Has anyone had any success with evaluating the impact of using Generative AI tools such as GitHub's Copilot on the productivity or performance impact on developers? I see a lot of qualitative discussions about how developers say they are more productive, but how are you measuring that impact?
Sort by:
There are multiple ways to check on the productivity improvements
Baseline Velocity / throughput of past X months which was without any code companion. Track the velocity / throughput post the code companion usage - to get a steady state view try for atleast 3 - 6 sprints : during this period ensure the developer is encourage to use the tool. The telemetry reports will provide how many are actively using the tool, how many prompt are being done / accepted etc. Make corrections based on this data report - if teams need more training provide so, if they need additional time to get used to using the tool provide so, we also have devised mechanisms to check lines of code generated - human vs machine generated (check latest announcements from GHCP for these aspects)
Once in regular use for build, you see the trend moving upwards & various quantitative & qualitative metrics of regular development will be able to show the outcomes - code quality, velocity, time to market etc
I use GitHub Copilot almost daily, and I am an experienced Java developer. It actually makes me more productive when creating some patterns and refactoring, unit testing. I am exploring further at this point. What I can say is probably increasing my output 2x fold. The caveat is I still check the code generated for validity. I bet that senior devs will use the tool more efficiently due to the fact they know what to ask, based on their experience.

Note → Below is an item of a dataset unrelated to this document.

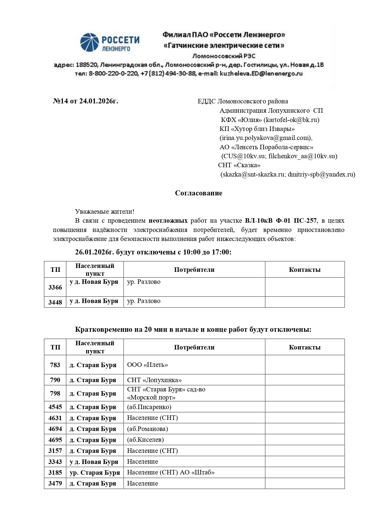 ВНИМАНИЕ : Отключение электроэнергии 26.01.2026 г. Опубликовано 26.01.2026 в рубрике Новости Cкачать: Согласование №14 ЛРЭС ГтЭС (ПС-257 Ф-1 от ТП-812 до ЛР-52 на 26.01.26)...pdf_page-0001Согласование №14 ЛРЭС ГтЭС (ПС-257 Ф-1 от ТП-812 до ЛР-52 на 26.01.26)...pdf_page-0002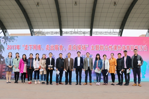 4月26日,best365官网2017年“走下网络、走出宿舍、走向操场”主题群众性课外体育锻炼活动启动仪式在best365官网临潼校区东环体育场举行。团省委学校部部长潘磊、校纪委书记朱君强、学工部、体育部、校团委等部门负责人出席启动仪式。各学院团总支书记、文体类社团代表以及400余名同学参加本次活动。校纪委书记朱君强致辞。他指出增强大学生体质、促进其健康成长是关系国家和民族未来的大事,对于深入贯彻党的教育方针、大力推进素质教育、培...

Any specific use cases that you might be able to share with using GitHub CoPilot?
Yes, these tools are very effective and efficient.
From my perspective, we proved the value of Generative AI (Development co-pilots) by focusing on two key areas. First, we measured our team's velocity, establishing a clear baseline before introducing the tool and seeing a sustained increase in story points completed per sprint afterward.
Second, we went beyond just counting pull requests. We tracked PR cycle time—the time from creation to merge—and saw a significant drop. For us, that was the key insight: we weren't just writing more code, we were delivering and merging it much faster without compromising quality.